As I built houses, I discovered a few other things that always happen. The head of the screw is always on the wrong end. Just where you need to put a nail there is always a knot. The board you cut twice is always to short. The crown or bend in the board is always the wrong way. We can blame Murphy for these dilemmas.
Like the guy who kept throwing out nails because the head was on the wrong end we give excuses why we can't share the Bread. Solomon said it this way,"Whoever watches the wind will not plant, whoever looks at the clouds will not reap." Those who are not daunted by small interruptions will be successful and send on material ahead with which the Master Builder can build a mansion. We do not understand God's sovereign work but we move ahead knowing that he will bless.
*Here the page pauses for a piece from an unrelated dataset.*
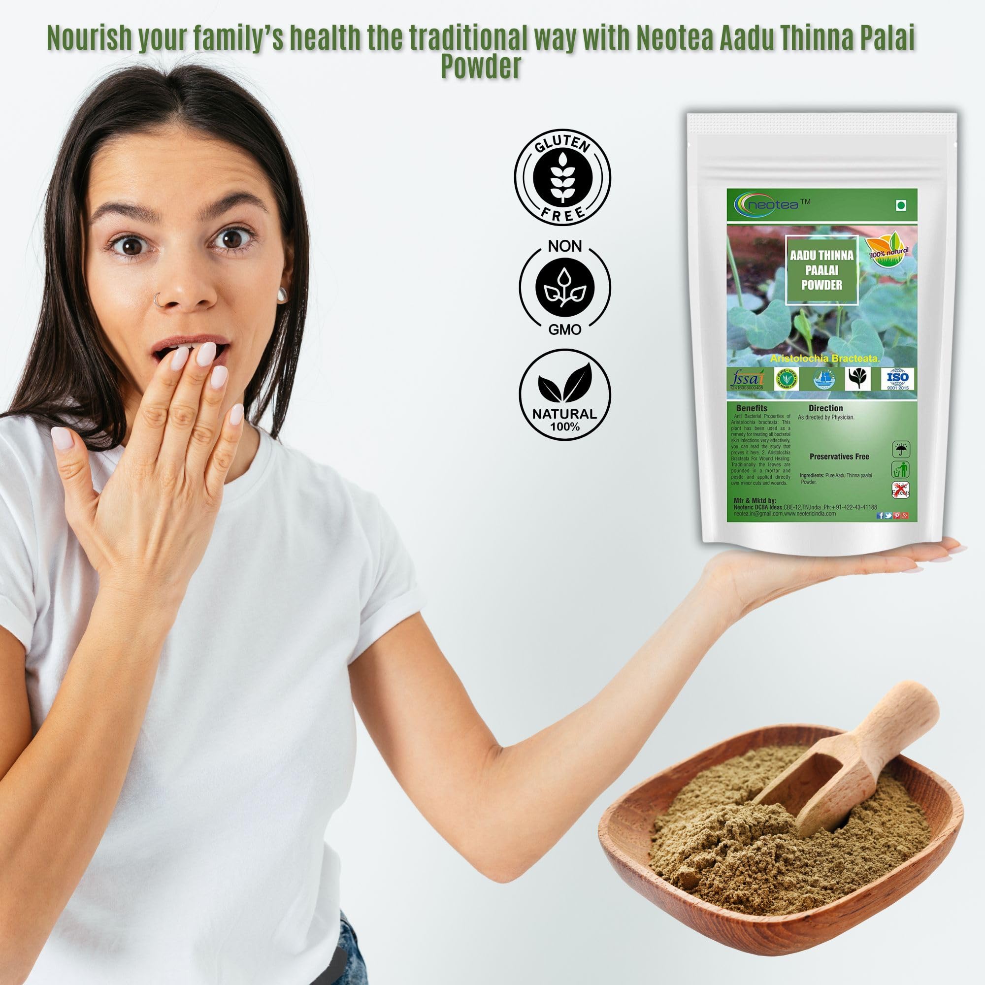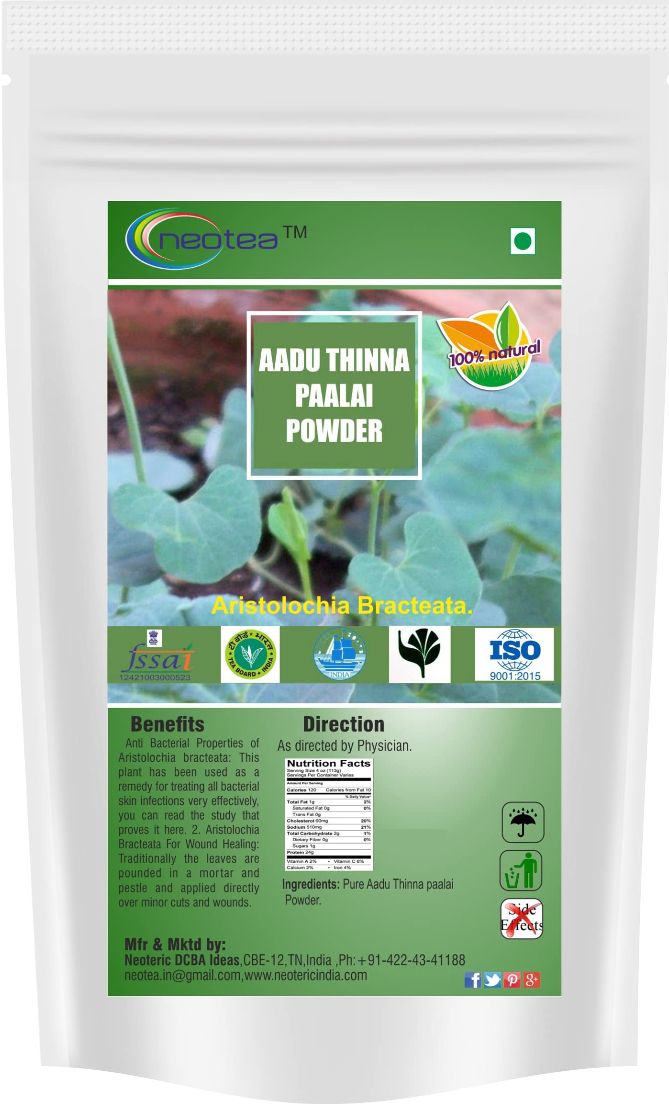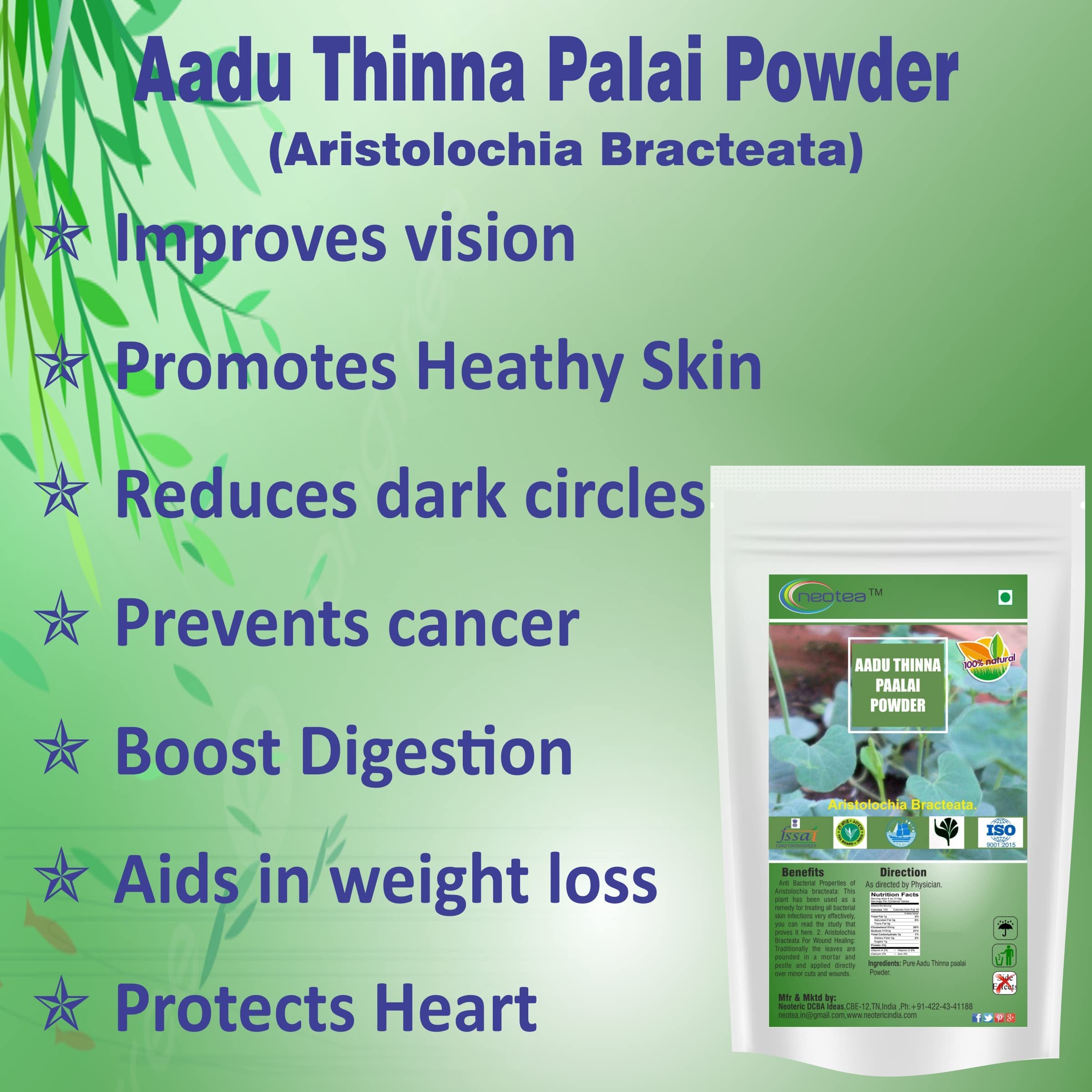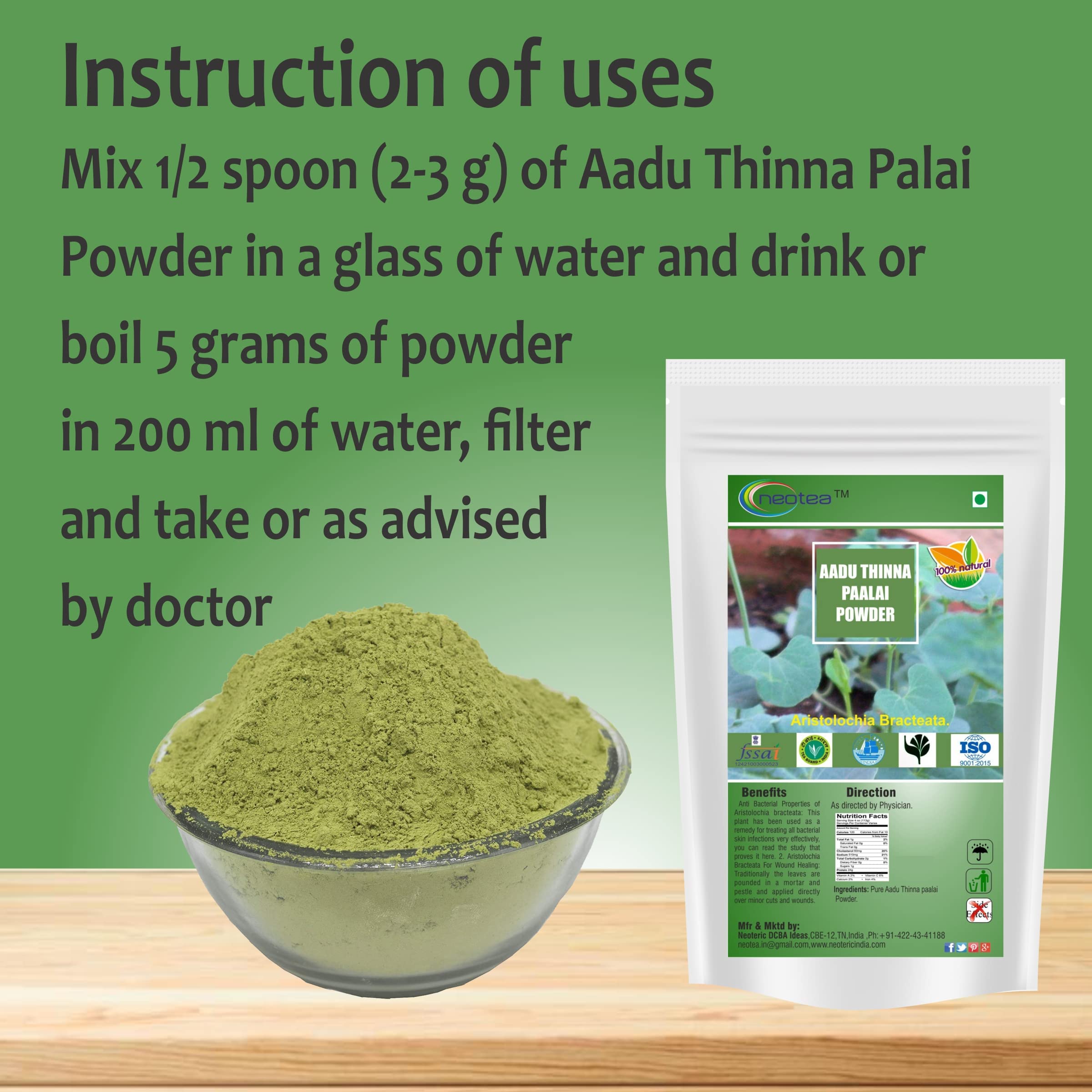 Experience the natural power of Neotea Aadu Thinna Paalai Powder (Aristolochia Bracteolata) carefully sourced to support skin health and wellness. Known as Indian Birthwort this traditional herb has long been used to address bacterial skin concerns helping promote clearer and healthier skin with its natural antibacterial properties. Each 300 GM pack is conveniently sized to provide lasting use making it easy to incorporate into your daily skin care routine. Neoteaâs powder is 100% pure with no added preservatives or artificial ingredients ensuring you receive only the best of natureâs remedies for a consistent and reliable approach to skin wellness.

Verse 6 Sow your seed in the morning and at evening let not your hands be idle for you do not know which will succeed whether this or that or whether both will do equally well. We are no longer an agrarian society so we don't plant too many seeds but most of us have a job. We often feel that we can not do everything we would like to on that income so Solomon suggests that in the evening we should be keeping our hands busy. Don't waste time watching TV or reading superficial books or magazines. Be creative with your spare time and keep your hands and mind active. Work on a hobby, craft or part-time business. I always have a list of "jobs" I could be doing and never miss the fact that we do not have a TV. Who knows whether your extra activity might become something very successful. I am not suggesting that we should all be workaholics but we need to be alert to the opportunities and needs around us.
Solomon in this passage encourages us to two character qualities, generosity and industriousness. How do you want to Spread your Bread! Did I hear someone say with butter please. And how about some mayonnaise, lettuce, tomato and cukes. Looks good. Anyone want a quarter?
Perhaps it is a little rude to eat in front of you but I do it to paint a picture. Some of you have some bread but you are not sharing it. God wants you to share it. Think about one thing you could share and make a commitment to share it with someone in need.
In closing may I read Gal 6: 7 - 10 Do not be deceived: God cannot be mocked. A man reaps what he sows. The one who sows to please his sinful nature, from that nature will reap destruction; the one who sows to please the Spirit, from the Spirit will reap eternal life. Let us not become weary in doing good, for at the proper time we will reap a harvest if we do not give up. Therefore, as we have opportunity, let us do good to all people, especially to those who belong to the family of believers.